Just a few weeks into its run, and The Flash is already a surprisingly successful show. Even with the occasionally cheesy dialogue, The CW's new superhero drama brims with such joy it is hard not to love. But one aspect the show is mishandling is its villains. The metahumans that have made up Barry Allen's rogues gallery have been terribly boring, no matter what nicknames Cisco decides to give them. Their powers don't come across that interesting and most of them have been introduced and died within a single episode up to this point. So,when I found out that Prison Break star Wentworth Miller was cast as Captain Cold, aka Leonard Snart, I was pretty psyched.
Captain Cold is one of The Flash's most well known villains. First appearing in the late 1950s, he started out as a thief. His antagonistic relationship with The Flash began simply because The Flash thwarted one of Snart's crime jobs. But his criminality soon became explained as born of circumstance and need, not mere empty villainy. His sister, Lisa, also figures heavily into his narrative as a way to justify his descent into crime. Originally, Captain Cold had no innate superhuman abilities, but he was intelligent and a proficient marksman. His crimes were enabled by cold-themed weapons he modified, mostly his freeze gun that works at Absolute Zero. For the scientifically minded Flash audience members, you'll have to suspend your disbelief at even higher levels as the show goes on.

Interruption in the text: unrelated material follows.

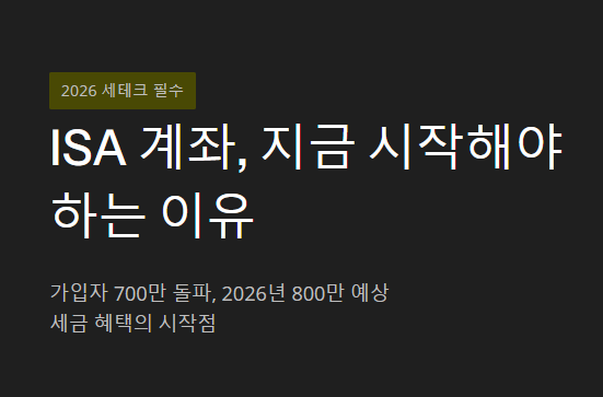 2026년을 앞두고 **ISA 계좌(개인종합자산관리계좌)**에 대한 관심이 폭발적으로 늘고 있습니다.
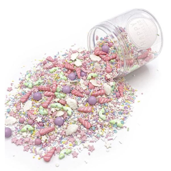 Dieser zerbrechliche Mix „Aber zuerst, Einhörner“ lässt das Herz aller Einhornfans schneller schlagen. Rosafarbene Einhornhörner, grüne Regenbögen, weiße Wolken und violette Schokoladenperlen sind eindeutig die Stars dieser Streu-Mischung. Eindrucksvoller ist jedoch auch die Basis aus pastellfarbenem Zuckerstreusel und weiß-punkten Sternchen.

Captain Cold went through a pretty dramatic change in 2011, when DC Comics introduced the New 52. No longer a criminal relying on cold-related weapons, Snart was revamped into gaining the abilities from his weaponry, along with other members of the crime group he leads called The Rogues. Now he can create ice gauntlets around his fists amongst other things. Apparently, the recent Forever Evil storyline strips him of his powers so he's back to using his freeze gun. Ah, comics! But based on promos for The Flash episode Captain Cold appears in, it seems the writers behind the series chose to stick to his pre-New 52 origins. This is probably a smarter way to go, since it creates a more varied rogues gallery for Barry. But don't be surprised when Snart becomes a metahuman himself. Maybe we can start a bet. Within three episodes, tops, Snart is going to start aligning with his character's reworked abilities. Maybe I'm being a bit cynical, but I truly hope the show takes it's time with that.What makes Captain Cold fascinating as a supervillain is his strict moral code and cunning nature, not mere metahuman abilities. I imagine the writers will make his characterization more complicated than the Metahumans-of-the-Week we have been privy to thus far. Eventually, his sister and his belief that crime is a matter of survival must begin to factor heavily into The Flash's version of Captain Cold. They'll have the time do so, since Miller is reportedly slated to have a recurring guest role. Miller seems to have a good handle on the character, telling Entertainment Weekly, “Snart’s a master criminal at the top of his game, and I think he’s been there awhile and he’s a little bored, a little complacent. Then he meets The Flash, who upends everything."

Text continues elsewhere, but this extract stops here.